Una delegazione della Gioventù Comunista ha consegnato oggi alla Cancelleria comunale di Lugano una petizione sottoscritta da 1850 cittadini per chiedere la revoca del divieto di introdurre bevande dall'esterno a Lugano Marittima.
Nessun nesso tra sicurezza e il divieto di portare bibite da casa
La raccolta firme, avviata alla fine del mese scorso, contestava un provvedimento ritenuto ingiustificato e privo di un reale legame con le esigenze di sicurezza. «La petizione denunciava il mancato nesso tra la presunta questione della sicurezza (già risolta con il giusto divieto di portare armi) e il divieto di portare bevande da casa», ricordano i giovani comunisti. «A nostro avviso si tratta unicamente di una scusa per costringere i frequentatori del luogo a comprare prodotti dalle bancarelle in loco, a prezzi decisamente onerosi per un pubblico giovane. Non era accettabile che all’interno di uno spazio pubblico venissero imposte misure per favorire il profitto di poche attività di privati a discapito dello spirito di aggregazione e socialità che il luogo ha sempre garantito ai cittadini luganesi e ticinesi, ed in particolar modo ai giovani».

Il cambio di rotta
Nel corso delle ultime settimane, la trasformazione dell'area è stata evidente, sottolineano i giovani comunisti. Quello che era diventato un luogo di incontro aperto e popolare si è rapidamente trasformato in uno spazio molto meno frequentato, perdendo gran parte della vitalità che lo aveva contraddistinto nei primi mesi di apertura. La decisione del Municipio di autorizzare successivamente l'ingresso delle bottiglie in PET rappresenta, secondo la Gioventù Comunista, un primo passo nella giusta direzione e una dimostrazione che le critiche avanzate da cittadini e associazioni non potevano essere ignorate. Si tratta di una «prima vittoria che deve essere ancora consolidata e affiancata da ulteriori misure di distensione», ritiene il partito. «È con questo spirito che la nostra petizione vuole attestare ufficialmente il dissenso della cittadinanza presso le istituzioni».

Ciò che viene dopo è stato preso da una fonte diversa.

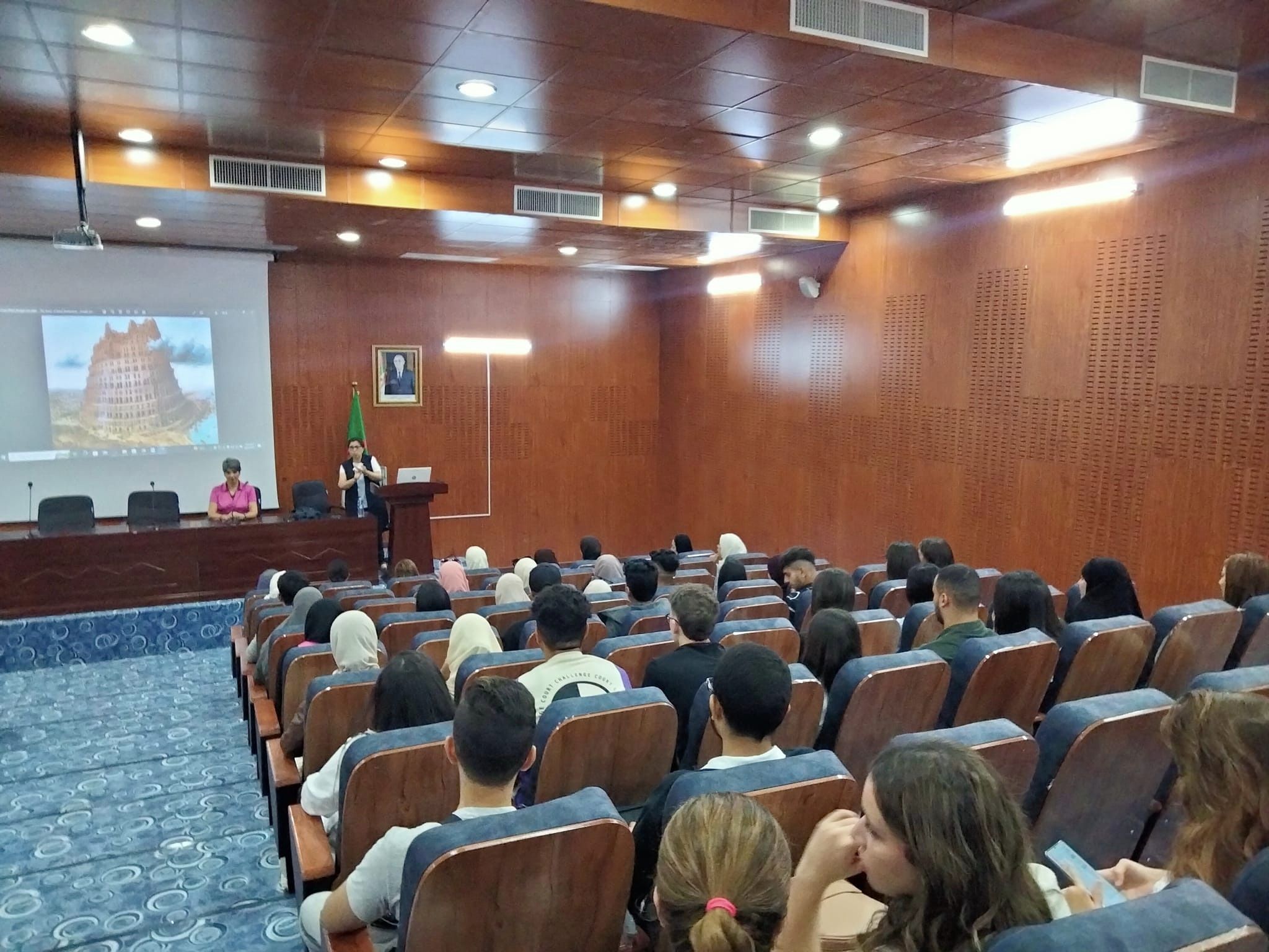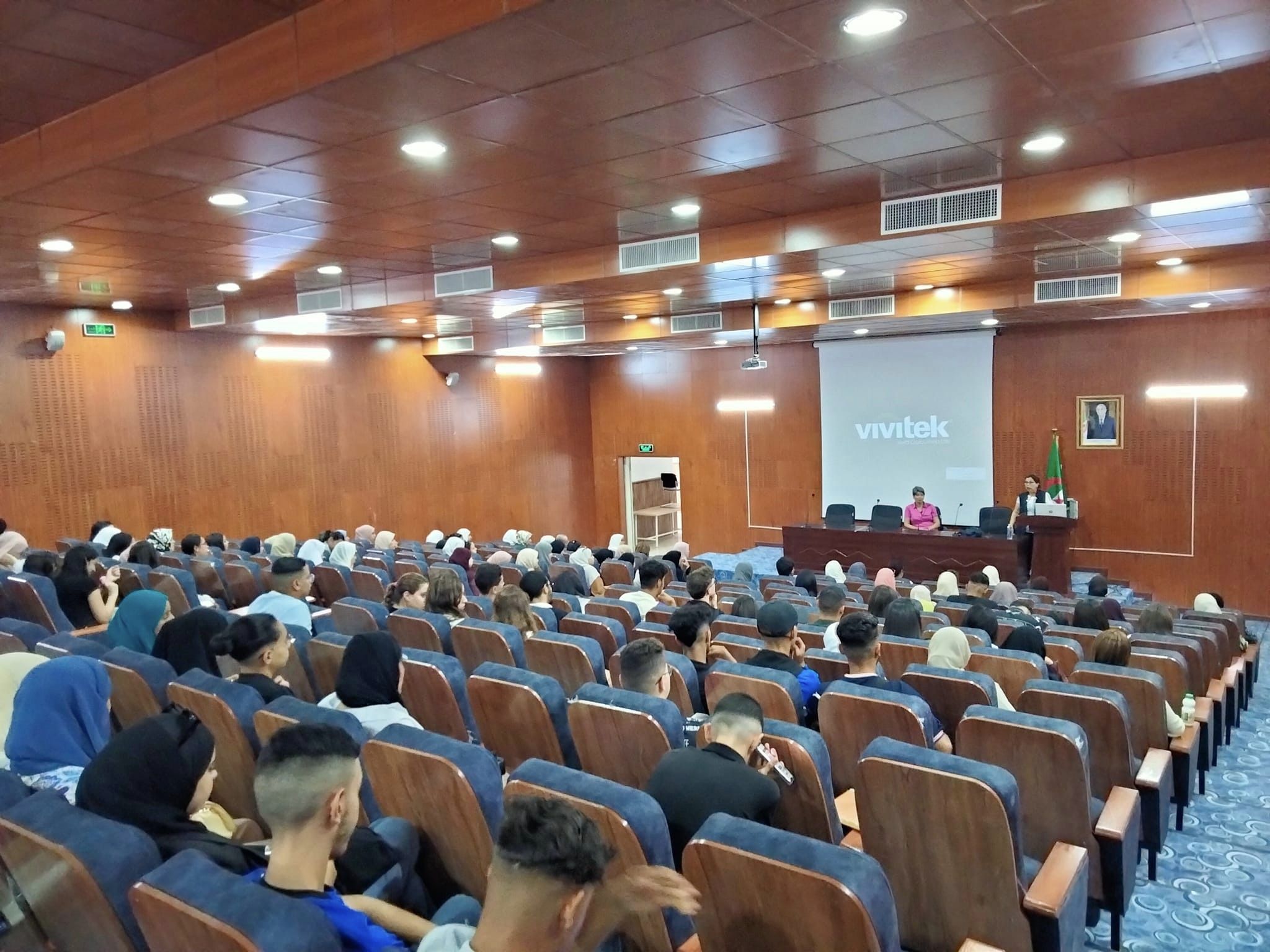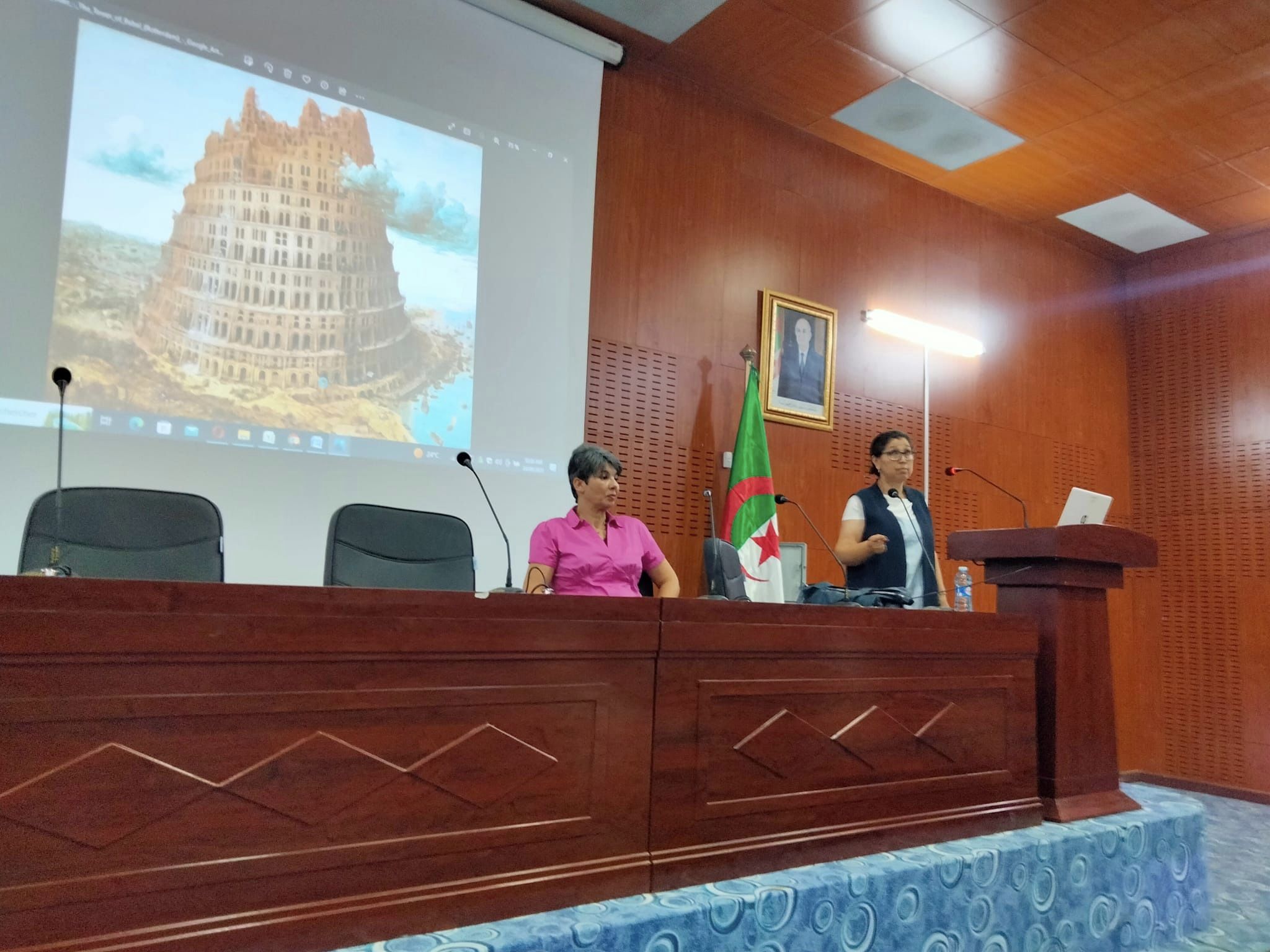 On Sunday, September 24, 2023, after the opening speech by the Dean of the Faculty of Foreign Languages, Prof. BOUAYED-HAMIDOU Nabila, Dr. Samia Boussebaine presented the inaugural course titled: « The Adventure of Languages, from Origins to the Present Day » in the faculty’s auditorium. The audience consisted of both new and returning students and teachers.
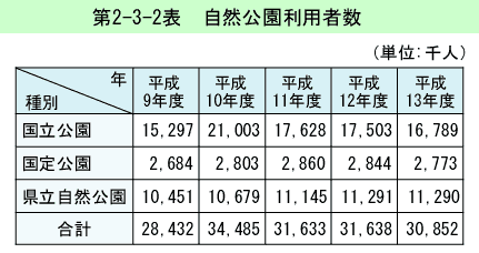 国立公園、国定公園及び県立自然公園の利用者数は、平成13年は約3,085万人であった。(第2-3-2表)。

Superare la logica divietocratica
Con la consegna delle 1850 firme, la Gioventù Comunista chiede ora che il Consiglio comunale e il Municipio prendano atto del dissenso espresso da una parte significativa della popolazione. «È ora di superare la solita logica divietocratica, che pretende di affrontare qualsiasi problema attraverso proibizioni, blindamenti e privatizzazioni dello spazio pubblico. Continueremo a opporci a questa impostazione, come abbiamo già fatto in passato, ad esempio durante il Rabadan di Bellinzona, e come continueremo a fare ogni volta che saranno messi in discussione gli spazi pubblici e il diritto di viverli liberamente.»